Reputation: 17
Let's say there is a table dd:
id (integer) | name (varchar) | ts (date) |
---|---|---|
1 | first | 2021-03-25 |
2 | first | 2021-03-30 |
When I query this table with following:
SELECT *, MAX(ts) OVER (PARTITION BY name ORDER BY ts) max_ts FROM dd;
Then the result is:
id (integer) | name (varchar) | ts (date) | max_ts (date) |
---|---|---|---|
1 | first | 2021-03-25 | 2021-03-25 |
2 | first | 2021-03-30 | 2021-03-30 |
When I add "DESC" to Order By clause:
SELECT *, MAX(ts) OVER (PARTITION BY name ORDER BY ts DESC) max_ts FROM dd;
The result is:
id (integer) | name (varchar) | ts (date) | max_ts (date) |
---|---|---|---|
2 | first | 2021-03-30 | 2021-03-30 |
1 | first | 2021-03-25 | 2021-03-30 |
This time the result is what I expect. Considering that I am partitioning records by name and then getting the max date from them, I expect the max_ts values to be the same (the max one) in both cases, since the order should not really matter when getting the max value from the group. But in fact, in the first case the result contains different max_ts values, not the maximum one.

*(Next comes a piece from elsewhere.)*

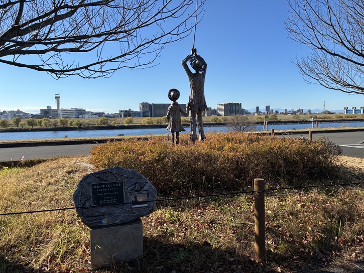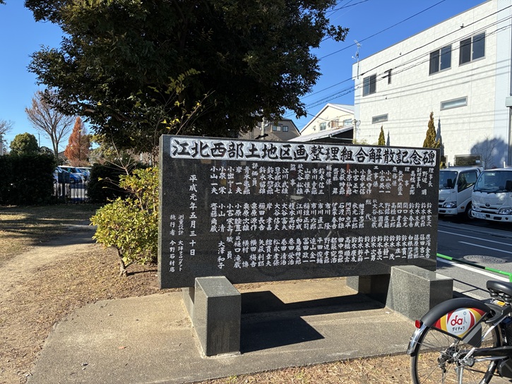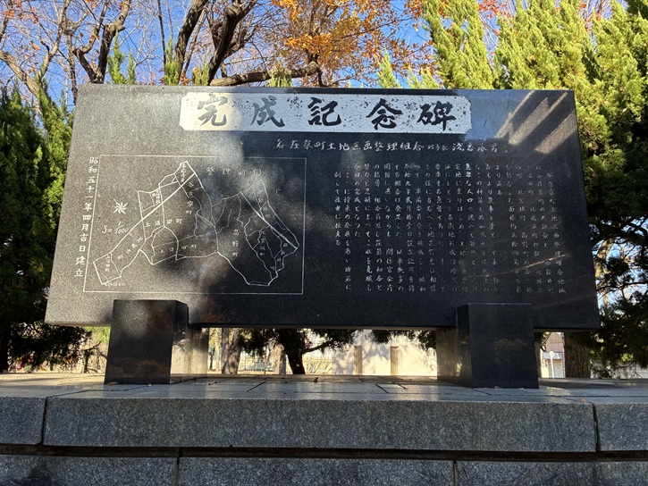記念碑の左手には関係者の氏名を記した石碑、右手には区画整理の対象となった地域の図を記した石碑が建っています。総面積は、152.06ヘクタールに及んでいます。ちなみに、1ヘクタールは10、000平方メートルに相当し、これは100mX100mの正方形の面積と同じです。身近な例では、東京ドームの約2.1個分に匹敵する広さです。つまり、東京ドームが320個収まる計算になります。
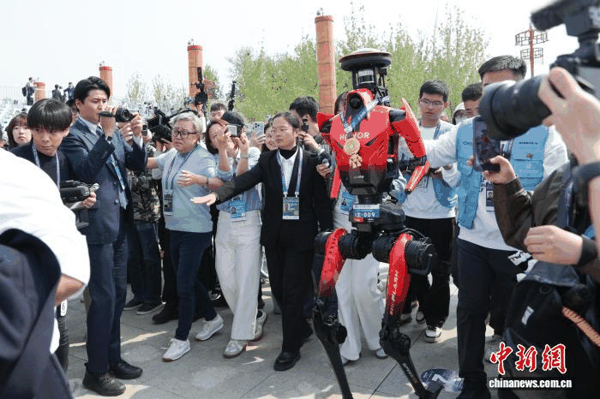 4月19日,2026北京亦庄半程马拉松暨人形机器人半程马拉松在北京举行。图为冠军团队准备接受媒体采访。 中新社 记者 杨郁然 摄

Why does it work this way? Why does ordering affect the result?
Upvotes: 0
Views: 28
Reputation: 1270723
This syntax:
MAX(ts) OVER (PARTITION BY name ORDER BY ts)
is a cumulative maximum ordered by ts
. The window frame starts with the smallest value of ts
. Each subsequent row is larger -- because the ORDER BY
is the same column as ts
.
This is not interesting; ts
on each row is the cumulative maximum when ordered by ts
.
On the other hand:
MAX(ts) OVER (PARTITION BY name ORDER BY ts DESC)
This is the cumulative maximum in reverse order. So, the first row in the window frame is the maximum ts
. All subsequent rows will be the maximum.
This is not the most efficient way to express this, though. I think this better captures the logic you want:
MAX(ts) OVER (PARTITION BY name)
Upvotes: 1